There's something about the Te'o story that stinks.
Television cameras focused on Notre Dame linebacker Manti Te'o during his media period at the combine: 46. In total, it was the biggest media horde in combine history. "I'd say one-third more media than Tim Tebow got,'' said combine godfather Gil Brandt.
Reporters who stayed for Georgia linebacker Alec Ogletree's complete media period at the combine: about 35.
Te'o was asked about the case of the phony girlfriend we're all familiar with. Ogletree was asked about a positive substance test that resulted in a four-game suspension last season, and about his arrest for driving under the influence earlier this month in Arizona.
What is wrong with this picture? Ogletree and Te'o are first-round inside linebacker prospects. Ogletree has two huge red flags, the second one even bigger because who takes a risk like he did, driving while impaired, on the eve of the biggest job interview of his life? Te'o has one bizarre red flag that landed him in the cross-examination chair with Katie Couric. He never met a girlfriend who turned out to be fake, and when he finally found out she was fake, he perpetuated it for a time, he says, because he was so embarrassed by it.
All I can say if Te'o drops precipitously -- and I do not believe he will; I think he goes no lower than the early 20s of the first round -- this league needs to have its collective head examined.
"I'm sitting here watching all this,'' said Nevada coach Brian Polian, the point man in the Notre Dame recruitment of Te'o, "and it's driving me out of my mind.''
Polian, son of Bill, was Notre Dame's special teams coach and the chief West Coast recruiter when Te'o was wooed. He went to Hawaii 15 times in a 13-month period, including once a week for six straight weeks during the NCAA's official contact period. He got to know Te'o the high schooler and his parents very well, obviously. "It got to the point where I'd be on the same Wednesday morning LA-to-Honolulu flight so often that the flight crew knew me and would say to me, 'Well coach, are we gonna get the guy?'
"The reason I've been so upset at how Manti has been portrayed is that I know him. He doesn't conspire to trick anyone. The people who would be so cynical, so jaded or such Notre Dame-haters simply don't know him. You have to see how he grew up. He lived in a little town on the north shore [of Oahu], where everyone knows everybody. Then he goes to a prestigious private school and, I'm not going to lie, he was sheltered. Then he goes to Notre Dame, and there aren't many places that protect and shelter their students like Notre Dame. This whole story happens, and he's guilty of one thing: trusting some sicko, because that's what he does, he trusts people. He's not jaded, he's not worldly, he's naïve. So he trusts someone who doesn't deserve to be trusted, then he's totally embarrassed by it when he finds out it's phony. Really, what is this kid's crime?
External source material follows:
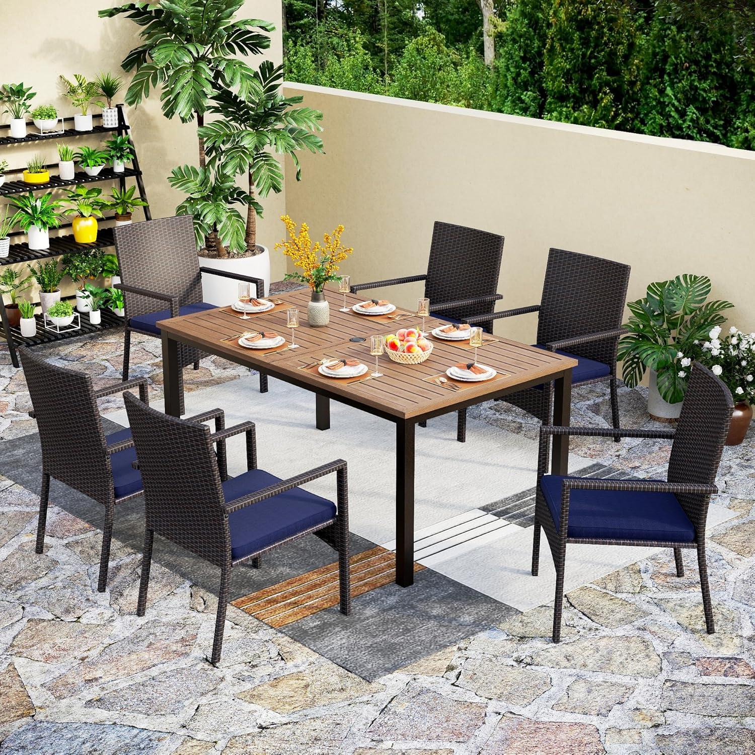 • 【7-Piece Dining Chair Set】This patio dining set contains 1 extended dining table and 6 ergonomic dining chairs. This modern outdoor dining table set features aesthetic appeal that seamlessly blends with various outdoor settings, adding charm and elegance to your patio or garden, which is perfect for your family events.

"Any NFL team that really looks into this kid is going to find out what a great person he is. I guarantee it. This thing will be a punch line in two months. He'll get to a team, players will have their fun with him for a couple of weeks, and then it'll come down to playing.''
I don't know Te'o at all. I have spent three minutes of my life with him. That happened Saturday after his press conference, which opened with Te'o looking out and saying, "Wow. That's a lot of cameras." Not just the 46 TV cameras and the 15 or 20 still photographers. But as he spoke, dozens of reporters lifted their phones up to take photos whenever he turned their way. And as he walked away from the scene and into an elevator to return him to his testing duties at the combine, I asked him a couple of questions.
"Do you think this weird girlfriend incident matters to football teams?'' I asked.
He didn't know how to answer it, and hemmed and hawed for a second, then said: "I truly believe what I did on the football field matters,'' he said. "That's what's important to being a football player."
And I asked, "What did you think of that scene in there?''
Te'o smiled. "That was a great experience,'' he said. "People were nice to me. I enjoyed it." And then he was gone.
Now there's an answer I didn't expect. Maybe, "Holy crap! That was incredible!'' But, "People were nice to me?'' I spoke to Polian after this, and it all seemed to fit -- this bizarre thing may have made him trust fewer people, but he still seems like a truster of people he's just met.
One last story: Our combine photographer Rosenberg had a short session with Te'o Sunday. He had quite a few players in his home-made studio in the Lucas Oil Stadium concourse, and he'd ask them all to pose, and then to do some action things. Rosenberg had to tell most of them to really give some effort, because it was strange to run or make sudden actions in such a confined space. When Te'o was in there, and Rosenberg asked him to run, he sprinted past Rosenberg, past the camera position, into the concourse. Sprinting. That's what he was asked to do, and so he did it.
Maybe Manti Te'o is the greatest actor in combine history. Who knows? I doubt it. I don't know how good he'll be in the NFL, but I can predict this: He's not going to be a phony.